How much worse can it get? Now, just imagine that the Attorney General of New York, with help from a bunch AGs of other states, starts going through sixty years worth of your dirty laundry. And on top of that, there are rumblings that you might be guilty of crimes against humanity.
Time To Bail
The disruption to the fossil fuels industries is already well under way. Twelve years ago, we might have wondered when coal would be on its way out. The Dow Jones Coal Index hit its high of over 740 in 2008. Today, it is down 99.3%, to about 5! Trump did it no good. (Heh!)
The Dow Jones Oil & Gas Index rose to 846 in 2014, after six years with President Obama in the White House. Today, after Trump has spent over three years trying to undo Obama’s environmental work, it is at 315, down 62.8% from its high. (Again, heh!)
The oaf in the Oval Office is not doing his cronies any good. (Maybe that’s the reason Freedom Partners dissolved last year.)
So, all things considered, I think we can see two ways this country could go, depending on the outcome of the election.

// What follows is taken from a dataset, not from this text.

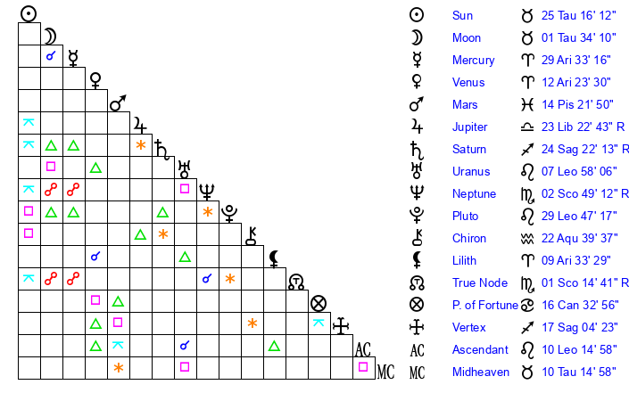 Moon | 1 Taurus 34 | 10 Capricorn 19 | 17 Libra 3 |

If Joe Biden and Kamala Harris are elected, then maybe some sanity will be restored. Those fossil fuels companies that decide to go with the flow will be free to find new business plans, and with luck they will do it fast enough to position themselves to make a lot of money in only a very few years. Some are already looking at hydrogen, as Tina Casey pointed out in a recent CleanTechnica article. Heck, we might even start recovering from our losses in Trump’s trade war on China.

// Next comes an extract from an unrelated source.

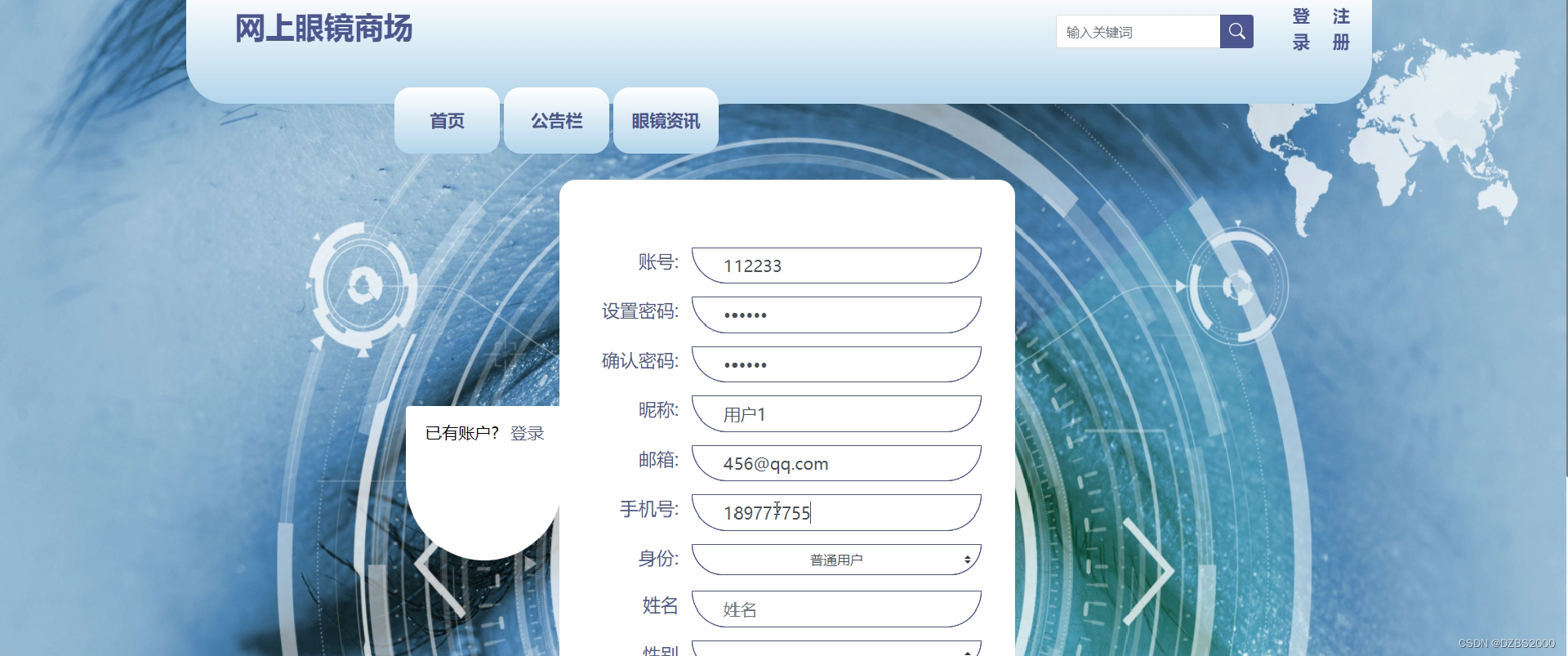 注册成功后,用户可以通过输入用户名来登录系统,输入密码后进行验证。登录成功后,用户可以使用眼镜收藏、眼镜购买、查看我的订单、眼镜资讯、个人信息管理等功能。

On the other hand, if Trump is re-elected and we continue with our burn, pillage, and rape approach to the environment, our losses will mount ever faster. With Trump’s indiscriminate destruction, businesses in all sectors would risk going down the tubes fast – unless they have invested in behind-the-meter solar and storage systems, and that includes fossil fuels. And it looks like some of them know it.
But then I don’t think Trump will win. He says he wants to defund the Post Office to prevent a fraudulent mail-in vote. And he is pushing his followers to ignore Covid-19 precautions. Interesting combination.

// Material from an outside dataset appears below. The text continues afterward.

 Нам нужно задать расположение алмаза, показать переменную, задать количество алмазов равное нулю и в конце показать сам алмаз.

When Will Fossil Fuels Fail?
Three years after it was published, Steve Hanley’s CleanTechnica article on Tony Seba’s predictions is still worth reading. Seba believed the industry would decline rather rapidly after hitting a peak in 2020. And it looks like he might have been pretty close to correct, despite things that he could not have predicted.
Though my reasoning is a little different from his (and certainly not as deep), my view is very like Seba’s: Fossil fuels businesses are in a hopeless position, unless they undergo metamorphosis. I expect it will be a bumpy ride for a while, but I see nothing that could drive a recovery and all the things I have mentioned will continue to cause decline.
I think the terminal condition of fossil fuels is already in sight, and it will be clearly in sight for all but the most deluded within five years. I expect a final collapse will be under way within another five. Take that as before the end of 2030 and possibly well before that.
My only big worry (aside from Trump’s threat to the American democracy) is that the longer we take to get to dealing with the environment, the worse things will get.
Disclosure: I voted pretty much straight Republican from 1968 until 2004, when I realized that the Republican Party leadership was on paid leave of absence from rational thinking on science. I don’t disagree with the old Republican Party I once knew, just with the small minority that took it over and subverted it entirely to achieve its own un-American activities. I continue to support the environmental goals of people like Theodore Roosevelt, and Richard Nixon – including protecting federal land and supporting the E.P.A.
Photo: Lakeview No. 1 gusher. Unknown author, 1910. Public Domain. Wikimedia Commons.